RECORDED DATA:
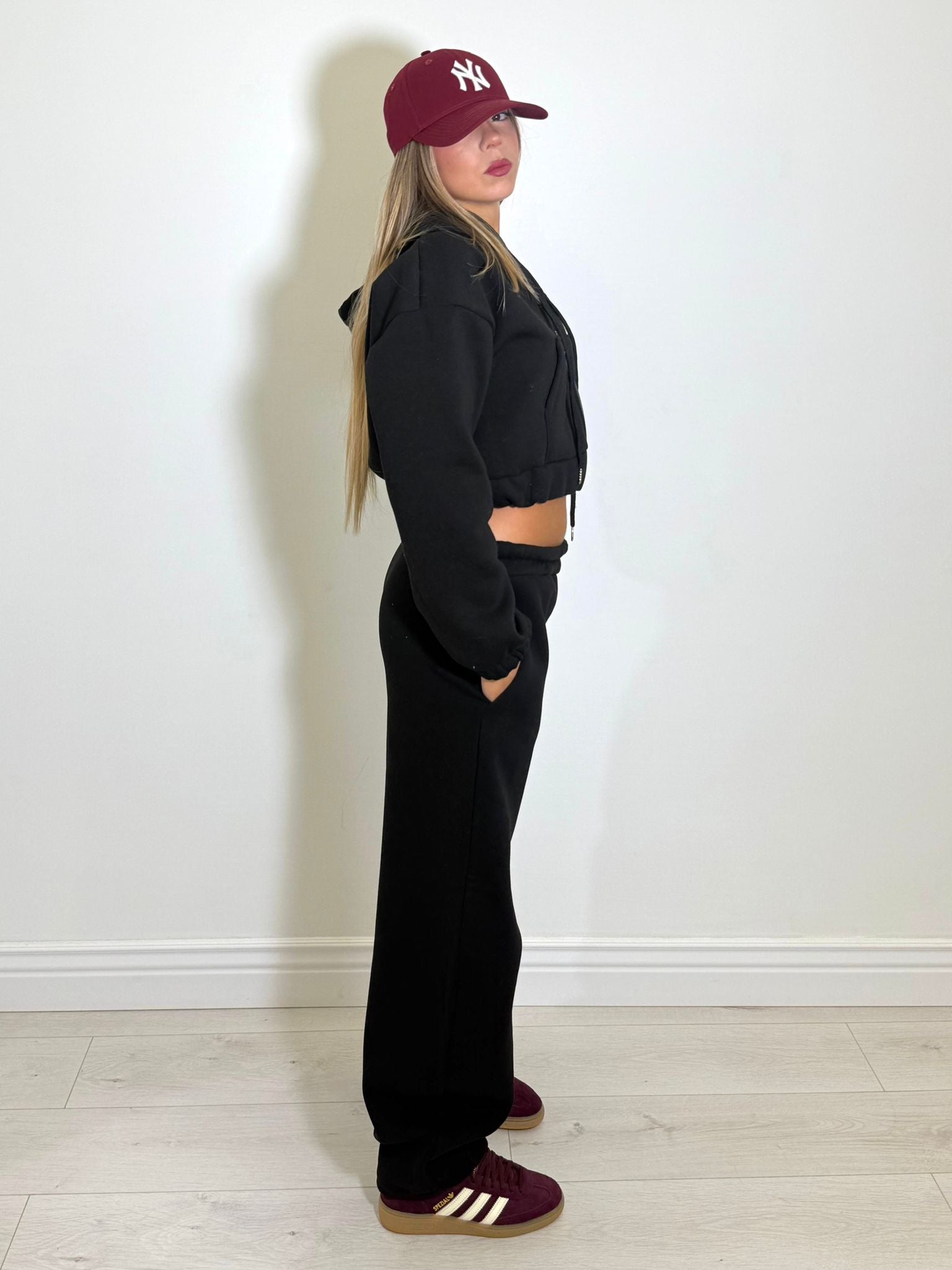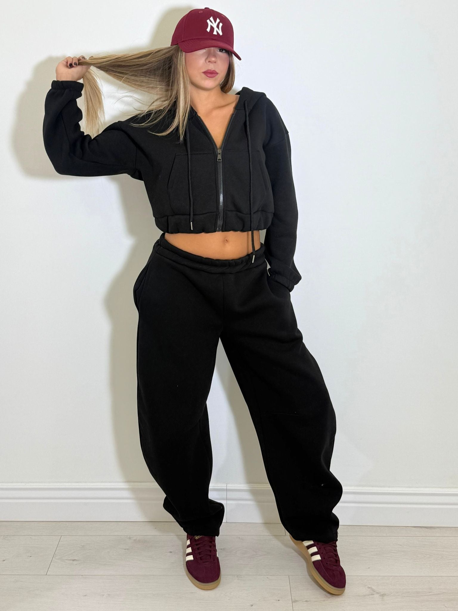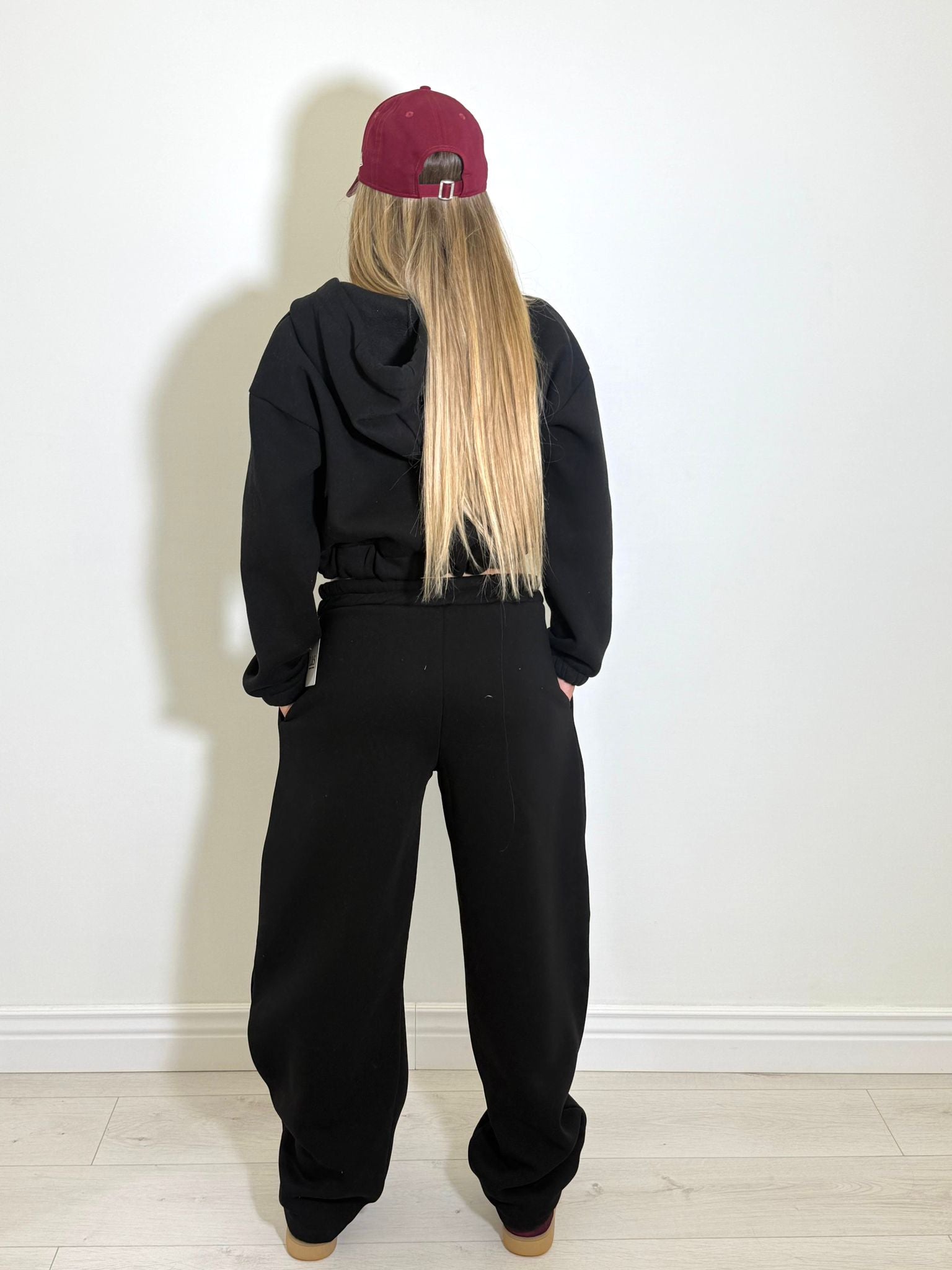 Coordinato in cotone composto da camicia con zip, colletto e maniche a palloncino, pantalone a palazzo con elastico alla caviglia.
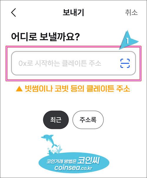 3. 주소 입력창에 빗썸이나 코빗, 코인원 등의 클레이튼 입금 주소를 복사하여 붙여넣기 합니다.
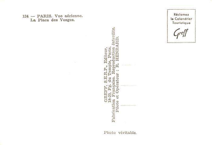 13892185 Paris 75 Vue aerienne La Place des Vosges postalisch nicht gelaufen Erhaltung siehe scans [FriedD77] Frie Katcode 11170075175056

YOUR OBJECTIVE:
Copy all of the listing word for word, minus the images.

OUTPUT:
 Coordinato in cotone composto da camicia con zip, colletto e maniche a palloncino, pantalone a palazzo con elastico alla caviglia.
 3. 주소 입력창에 빗썸이나 코빗, 코인원 등의 클레이튼 입금 주소를 복사하여 붙여넣기 합니다.
 13892185 Paris 75 Vue aerienne La Place des Vosges postalisch nicht gelaufen Erhaltung siehe scans [FriedD77] Frie Katcode 11170075175056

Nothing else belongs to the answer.